We discuss another handful of hit records, to help you brush up on your listening skills.

Cardi B

‘Bodak Yellow’

The Mix Review: Cardi BBehind this production’s stripped-back facade lie a number of interesting nuances. You may not initially notice that the final note of the main B-C-E-B-C-E-B-C melodic riff switches between C and E on alternate bars, and there are a number of further variations besides: the intro’s E-B-E-E ending; the tape-stop interruption first heard at 0:59; and the octave-dropped version that appears, rather intriguingly, just the once at 0:30-0:45. I also like the inventive kick-drum programming — the simple trick of displacing the lone 808’s hook-section position from the downbeat at 0:15 to the first backbeat at 0:31, for instance, and the contrast between its sustained tone and that of the shorter, higher kick at 0:23. The highlight, though, is its subsequent cadenza at 1:17-1:32 (foreshadowed in the intro’s closing fills), which supports Cardi B’s own shift towards insistent triplet 16ths. Another peculiarity is the disjunct between the arrangement structure and the rap. The second half of the backing track (1:47-3:35) pretty much repeats the first (0:15-1:47), but Cardi B doesn’t totally follow that lead: in the first half she delivers eight bars of hook and 16 bars of verse, whereas in the second half she reduces the verse to 12 bars, begins her triplets passage four bars ahead of the kick-drum filigree, and delivers the first part of the third hook section over a backing texture previously associated with verse one.

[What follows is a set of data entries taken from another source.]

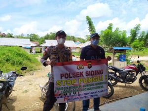 Personel Polsek Siding saat mensosialisasikan Peraturan Presiden nomor 87 tahun 2016 tentang Satuan Tugas Sapu Bersih Pungutan Liar atau Satgas
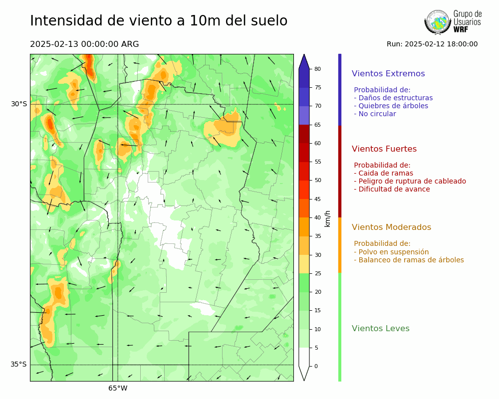 • Intensidad máxima: 8.77 km/h (14/02/2025 10hs.)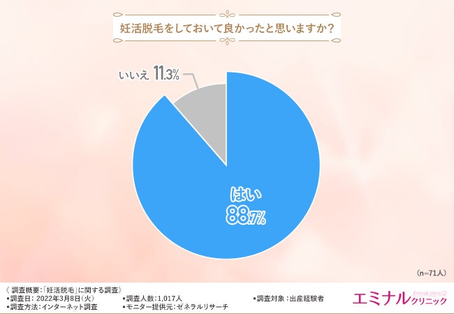 そこで、「妊活脱毛をしておいて良かったと思いますか?」と質問したところ、9割近い方が『はい(88.7%)』と回答しました。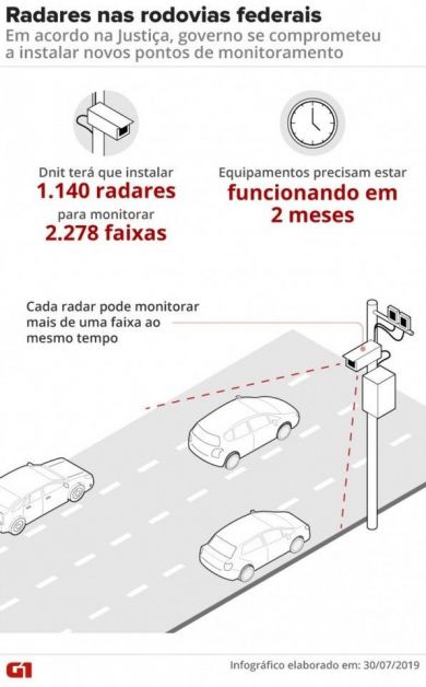 A validação foi feita entre o Departamento Nacional de Infraestrutura de Transportes (Dnit) e o Ministério Público Federal (MPF) para a instalação de 1.140 novos radares para monitorarem 2.278 faixas de rodovias federais não concedidas à iniciativa privada.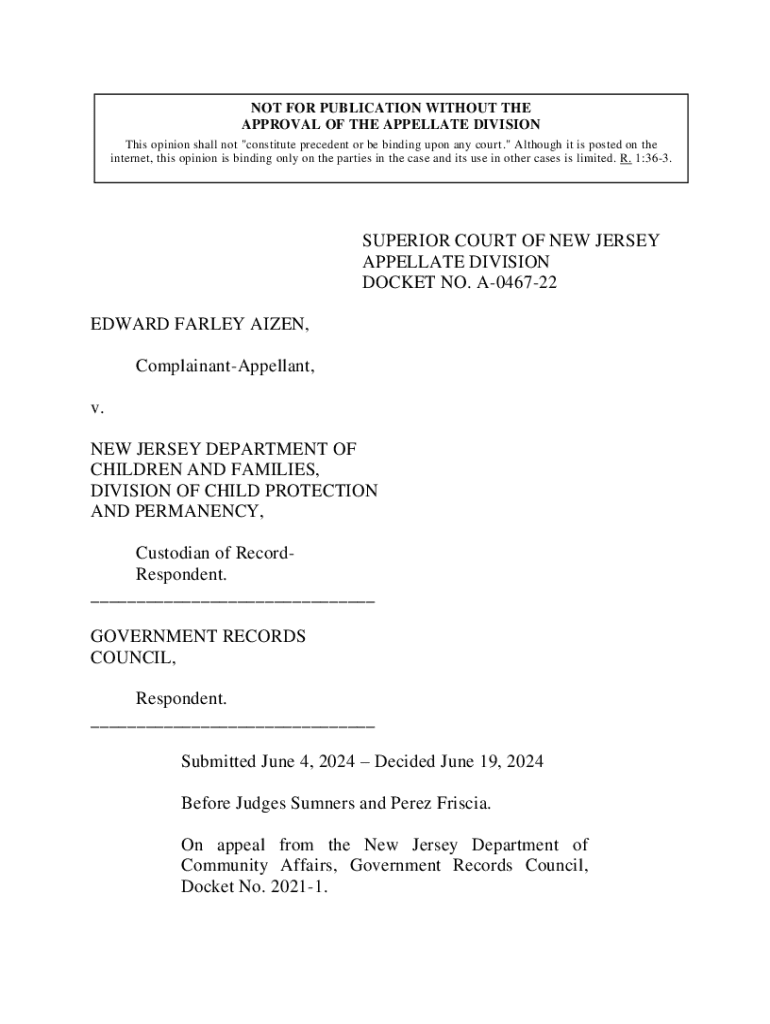 Get the free A-0467-22 - EDWARD FARLEY AIZEN VS. NEW JERSEY DEPARTMENT OF CHILDREN AND FAMILIES, ...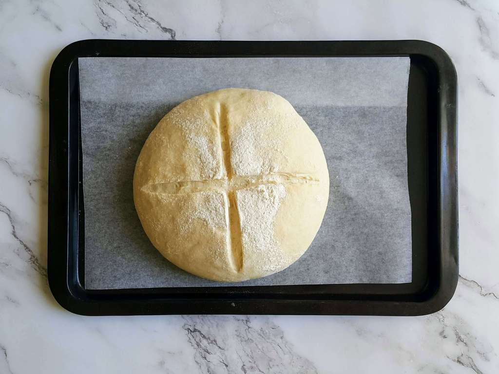 - Preheat the oven at 220 degree celsius. Tip the loaf out to a baking tray lined with baking paper. Slash the top of the loaf in few places with a serrated knife.
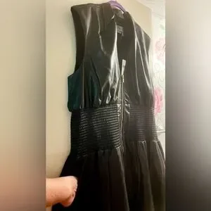 Anthropologie Tommie Cap-Sleeve Smocked Front-Zip Shirt Dress: Faux-Leat…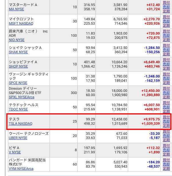 S&P500、NASDAQのインデックスファンド、ETFを4,000万超保有してて、S&P500、NASDAQにはテスラ(TSLA)も組み入れられてるからこれ以上の買い増し予定はないけど2030年頃まではガチホ!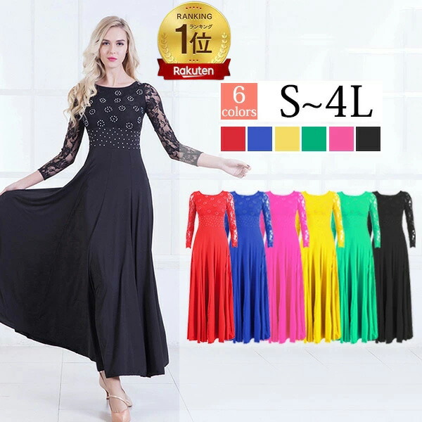 社交ダンスドレス 広がる裾 競技用ドレス ダンス衣装 ダンスウェア ステージ衣装 大きいサイズ カラオケ スタンダード ドレス ワルツ ワンピースドレス

Still, every section of this production is clearly cut from the same cloth, delivering a continuity of sonics and general atmosphere that make it instantly recognisable, however small a snippet you happen to hear — no small consideration in marketing terms. Within this context, the internal programming details and tectonic shufflings help maintain the freshness of its relatively small stock of musical material, despite eking it out over a full three and a half minutes. And the beauty of this slightly paradoxical musical backdrop, at once constantly churning and yet somehow fundamentally consistent, is that it throws the expressive range of the vocal performance into greater relief, helping it pack its emotional punch without recourse to the melodic and harmonic devices of competing styles.

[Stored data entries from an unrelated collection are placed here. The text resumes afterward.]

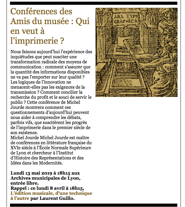 Des expositions dédiées seraient également produites telles les expositions du musée de l’Imprimerie de Lyon : Le musée de Loire (Maury) Et de Strasbourg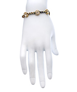 Peeking out from your cuff, or worn alone on your bare arm, this Blu Bijoux blue, green and brown braided bracelet with crystal flowers is the epitome of versatility. Woven into the cord are small crystals, which separate the crystal flowers. The bracelet features a fold over clasp.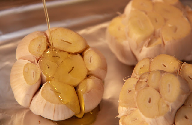 All you have to do is cut the tips off of the garlic head, peel away the outside excess skin, douse in a couple tablespoons of olive oil, let sit for 10 minutes, cover in tinfoil and pop in a 375 degree oven for 45 minutes.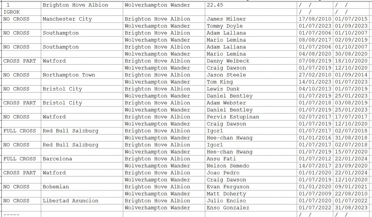 Вашему вниманию предоставляется информация 1.игроки выступали в прошлом за клуб-соперник. 2.Соперники играли за один и тот же клуб (возможно в разное время- NO CROSS)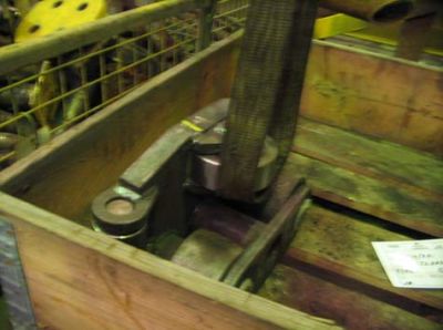 Der von den Versicherten in Verbindung mit einem Hersteller für Anschlagmittel entwickelte 3-Arm-Scherengreifer ermöglicht ein sicheres waagerechtes Anheben der Last. Er ist ausschließlich für einen bestimmten Einsatz konzipiert und auf die Form des Werkstückes angepasst. Die Greifarme des Scherengreifers sind vor dem Anschlagen der Last in geöffnetem Zustand. Beim Aufsetzen des Greifers auf ein Werkstück wird eine Mechanik betätigt, und ein Greifarm setzt sich in eine an dem Werkstück befindliche Aussparung ein. Der gegenüberliegende Greifarm fasst unter die Halterung der Führungsrolle. Dies ist bei eingebauter sowie bei ausgebauter Führungsrolle möglich. Am Anschlagmittel befindet sich ein Handgriff, der ein sicheres Manövrieren des Anschlagmittels und der Last beim Einbau bzw. beim Einlegen in das Montagegestell ermöglicht.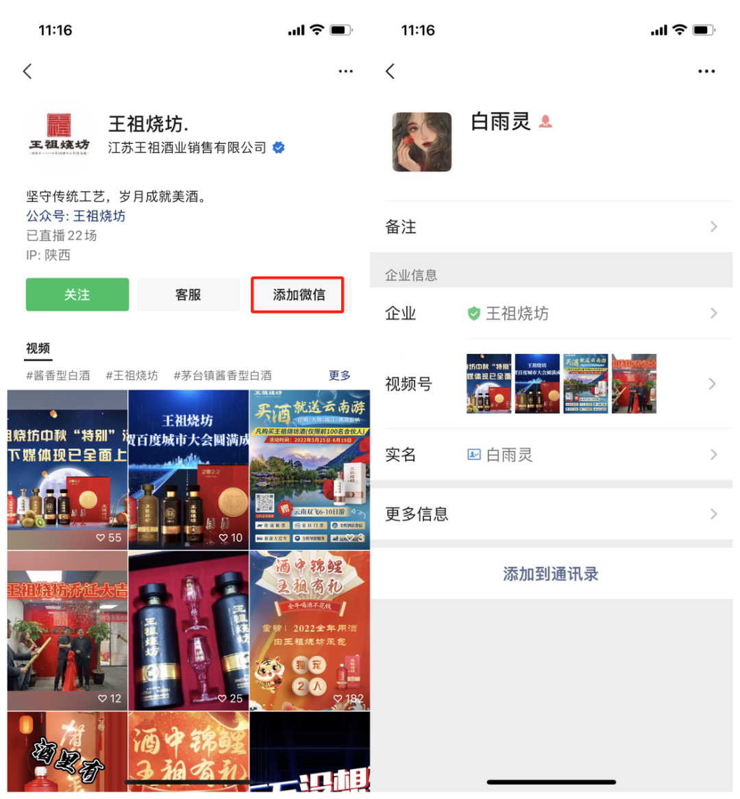 結(jié)合線上小程序商城,「王祖燒坊」也進(jìn)一步將公眾號(hào)、視頻號(hào)實(shí)現(xiàn)了觸達(dá)、溝通、轉(zhuǎn)化的一體化全鏈路經(jīng)營閉環(huán)。也將品牌資源優(yōu)勢(shì)充分放大,助力用戶深度沉淀,為用戶提供更加近距離的交互。在視頻號(hào)「王祖燒坊」的主頁內(nèi)設(shè)置福利官「白雨靈」的企微,引導(dǎo)進(jìn)入小程序商城。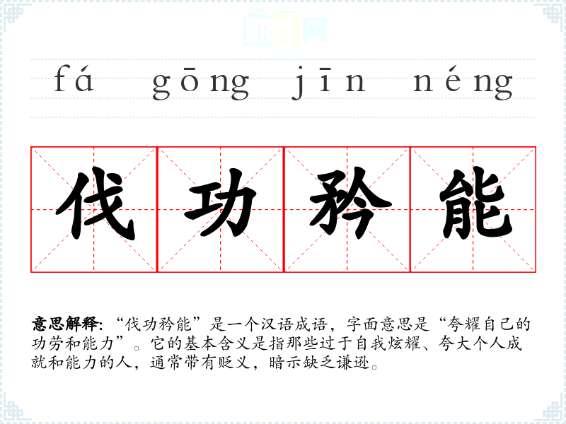 “伐功矜能”是一个汉语成语,字面意思是“夸耀自己的功劳和能力”。它的基本含义是指那些过于自我炫耀、夸大个人成就和能力的人,通常带有贬义,暗示缺乏谦逊。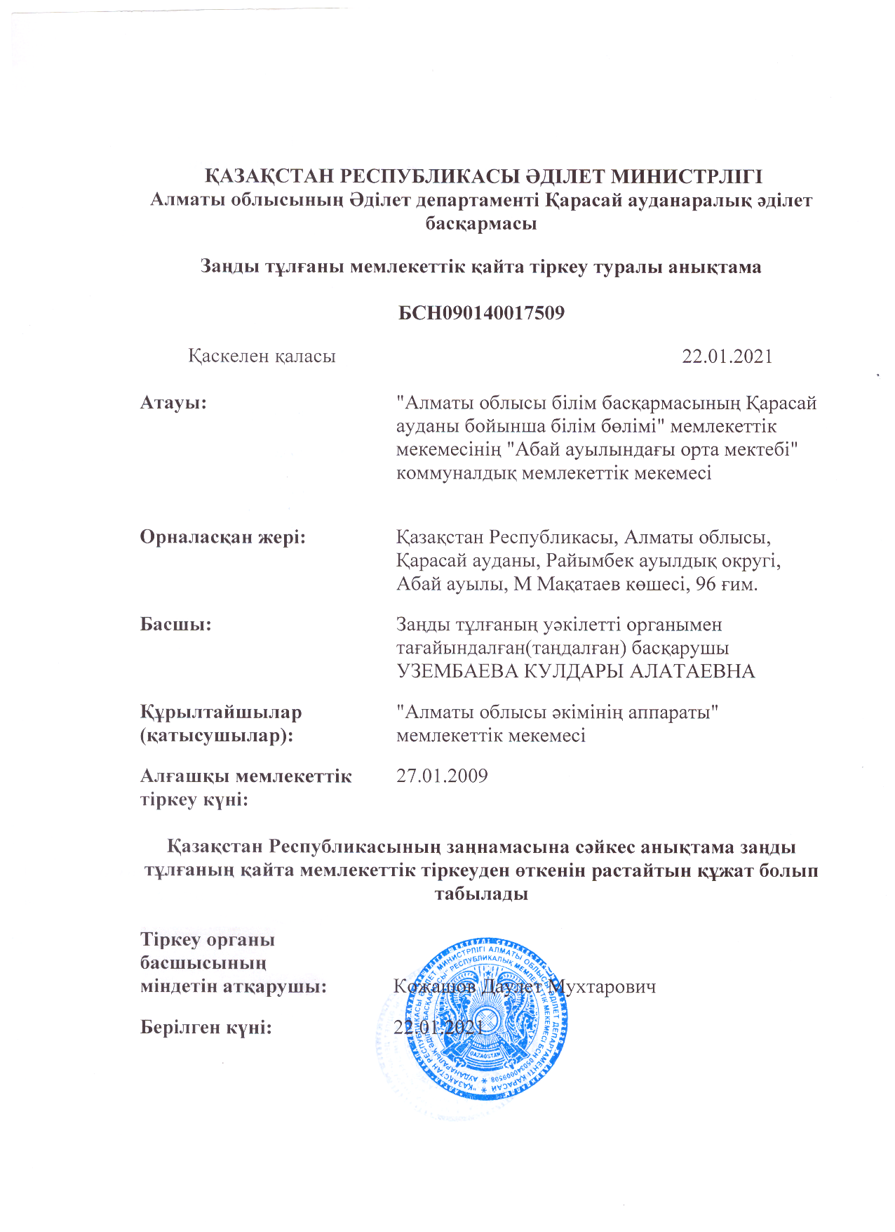 Нормативтік құжаттар » Алматы облысы Қарасай ауданы "Абай ауылындағы орта мектебі"КММ

I discovered something rather unusual about the vocal too: if you mix together the first and second hook sections with the polarity of the latter inverted, you can mute most of the backing track, but the vocal doesn’t disappear at the same time. Had the vocal been performed anew for each hook section, this wouldn’t be too surprising, but here the vocal is clearly a single performance that’s been copied. This indicates that the timing synchronisation between the lead vocal and the beat wasn’t maintained during the copying process, and specifically that the vocals are about 7ms earlier in the second hook and about 5ms earlier in the third. Depending on your levels of cynicism, you could interpret this as either a subliminal attempt to enhance Cardi B’s apparent rhythmic urgency, or just a product of slapdash Pro Tools editing... Mike Senior

Rak-Su

‘Dimelo’

The Mix ReviewAs befits the reggaeton flavour, the kick and bass are huge in this mix. Unfortunately, this is at the expense of sonic thinness elsewhere. This is already apparent in the opening beat-free chorus, which lacks low mid-range warmth compared with most other chart tracks. On the plus side, the slim-sounding introduction means the beat, entering at 0:21, makes a big impact and there’s no danger of the overall mix tonality becoming woolly despite generous helpings of sub-100Hz low-end energy.

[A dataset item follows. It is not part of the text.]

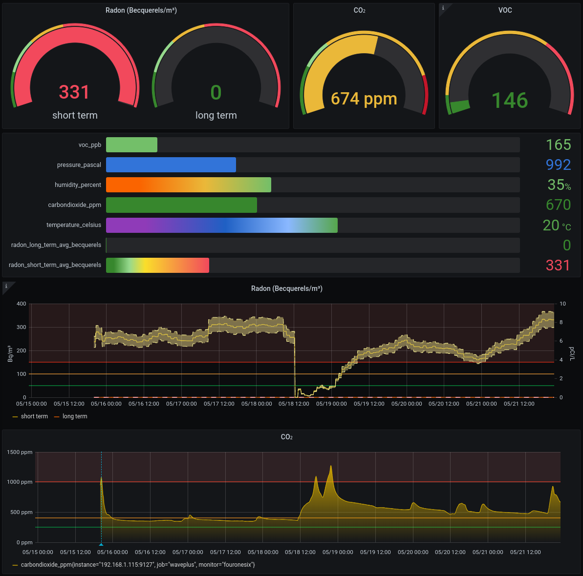 Dashboard for the (unofficial) Airthings Waveplus exporter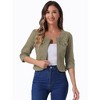 INSPIRE CHIC Women's Collarless Pockets 3/4 Sleeve Crop Denim Jackets - 2 of 4INSPIRE CHIC Women's Collarless Pockets 3/4 Sleeve Crop Denim Jackets - 3 of 4INSPIRE CHIC Women's Collarless Pockets 3/4 Sleeve Crop Denim Jackets - 4 of 4

From a more negative perspective, it leaves the record sounding rather scratchy compared with things like Luis Fonsi’s ‘Despacito’ or CNCO’s ‘Reggaeton Lento’, especially on smaller speakers and earbuds. But it’s not very consistent in this respect either, as the prechorus vocals (first heard at 0:40) and Wyclef Jean’s verse rap sound fuller than the choruses — a bit overblown, in fact, given the context. To hear this more clearly, put a 100Hz high-pass filter on your master bus (to reduce the low end’s powerful masking effects and make the lower mid-range balances more perceptible) and compare this song with other releases. If you’re trying to guard against these kinds of concerns at mixdown, a great trick is to check the mix with the bass and kick channels muted — a dodge that works equally well with other bass-heavy styles. Mike Senior

Eminem featuring Ed Sheeran

‘River’

The Mix ReviewAs I hold both Eminem and Ed Sheeran in the highest esteem, I was looking forward to hearing this collaboration. Unfortunately, I felt myself struggling a bit to understand all the lyrics. Initially, I figured this was my own caffeine-deficient mental sluggishness, but as the impression survived several industrial-grade teabags, I compared ‘River’ with several of Eminem’s earlier releases. Finding my suspicions confirmed, I naturally began wondering about the cause...

On the face of it, what’s puzzling is that the vocal level seems healthy enough in general. I wouldn’t want to turn it up any more overall, for fear of leaving the backing track underpowered by comparison. But the vocal tone seems somehow to work against the lyric intelligibility here, since it relies quite heavily on the upper mid-range to bring out the words. This makes it compete directly with the drums, which are likewise panned centrally and have lots of harmonic density in that spectral region. Not only does this encourage frequency masking, but it also adds an element of confusion to Eminem’s quick-fire consonants, by overlaying them with all those skittering hi-hat/snare details.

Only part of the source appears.